— Мне известно это. Просто невероятно!
Она уставилась на комиссара своими маленькими глазками, живыми и проницательными.
— Что вы об этом думаете, сын мой?
— Я?!
— Да, вы. Ведь вы же полицейский. Это вам надо решать проблемы такого рода.
— Но... но я ничего не знаю! — жалобно воскликнул комиссар.— Я ничего не знаю, мать моя!
— Тело не могло исчезнуть само! — строго проговорила мать Анна-Мария.
— Разумеется,— ответил комиссар, который чувствовал себя почти виноватым.— Мы бы и сами хотели это знать.
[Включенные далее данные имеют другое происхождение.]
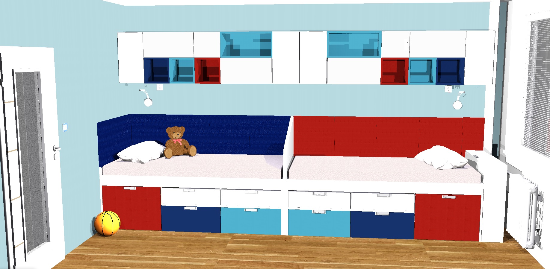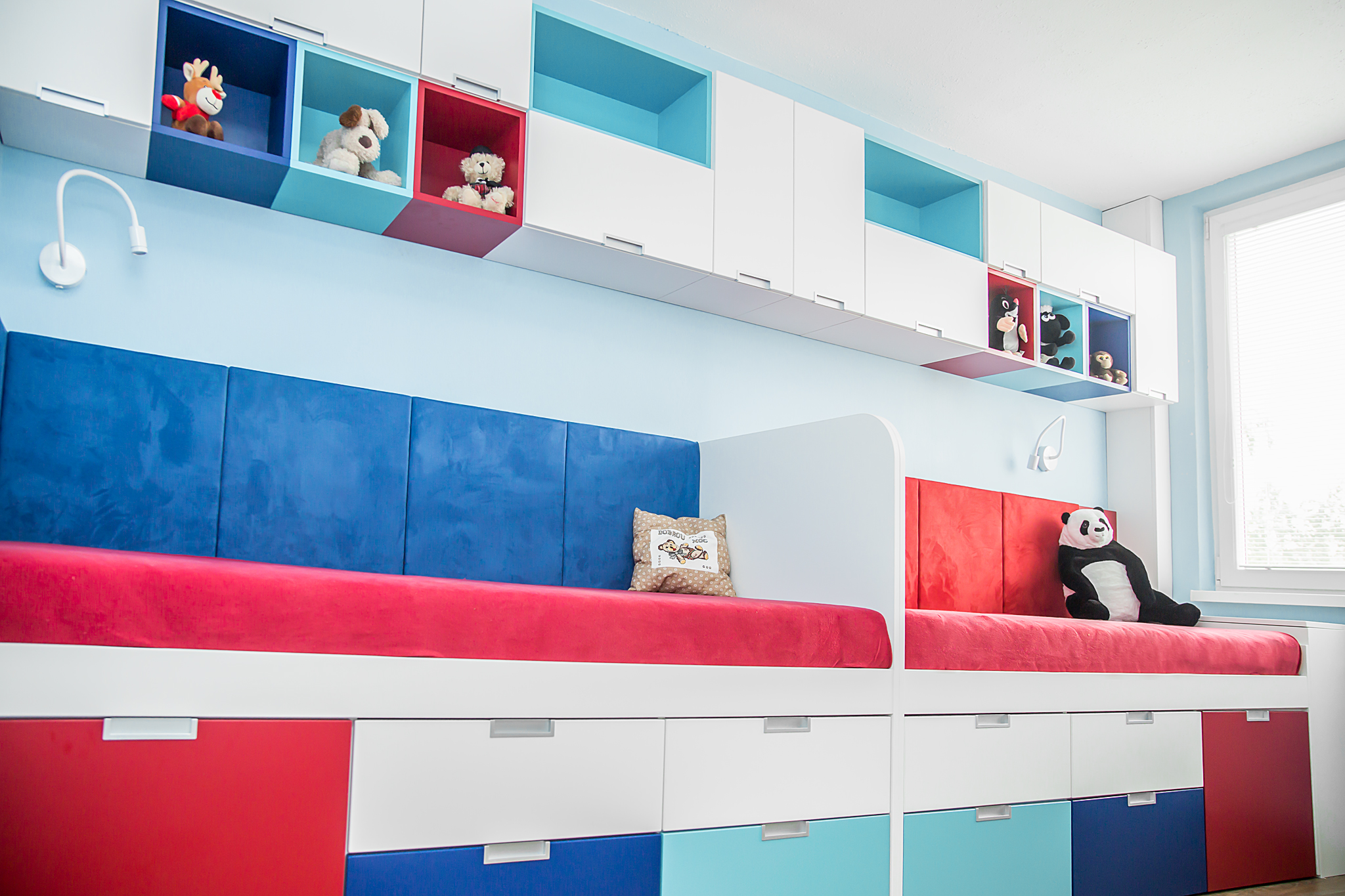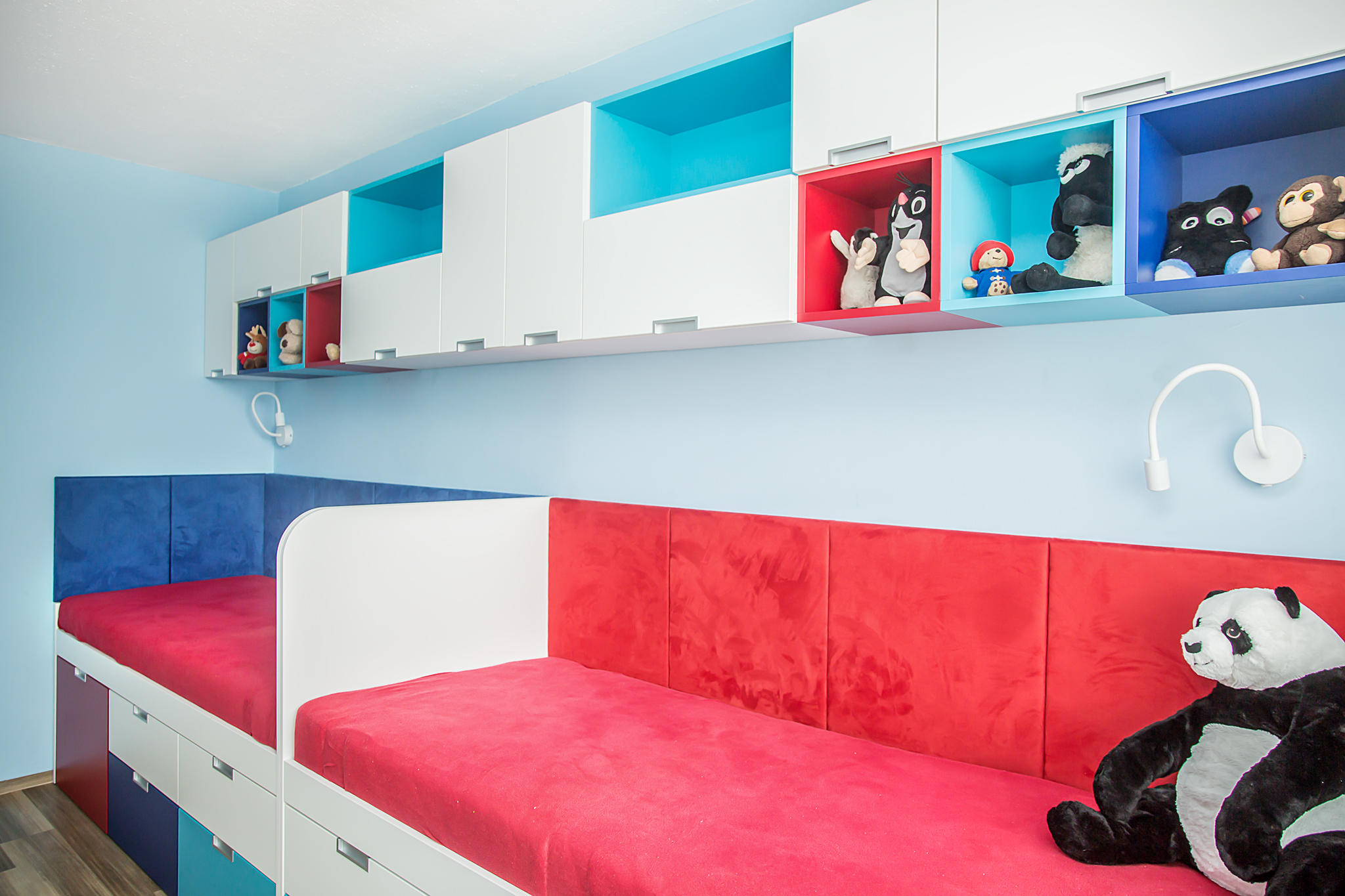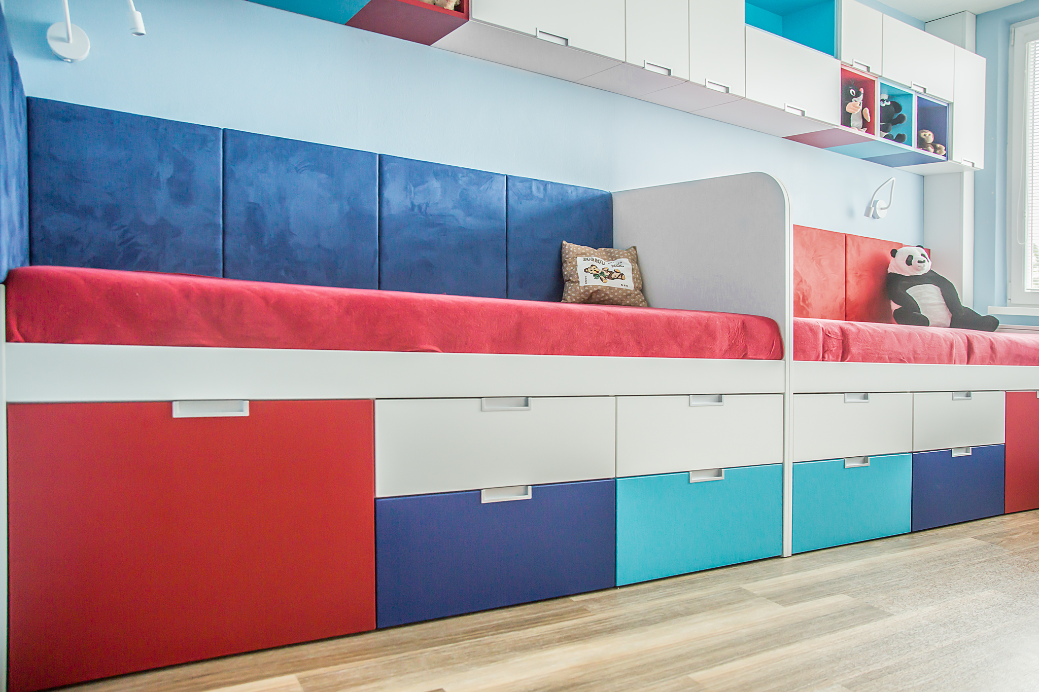Požadavek rodičů byl, aby nebyly postele nebyly patrové. Naštěstí rozměr toto rozmístění umožňoval. I přesto postele nabízejí dostatek úložného prostoru na hračky. Skříně vyhověly jak skládanému oblečení, tak věšení.

Мы очень хотим знать, куда перенесли тело этой дамы! — Он пытался принять профессиональный, подобающий в подобных обстоятельствах тон.— Мы также хотели бы точно знать, где жила эта Мария-Анжела Доминиати, была ли она замужем или нет, есть ли у нее родственники — вообще все, что можно.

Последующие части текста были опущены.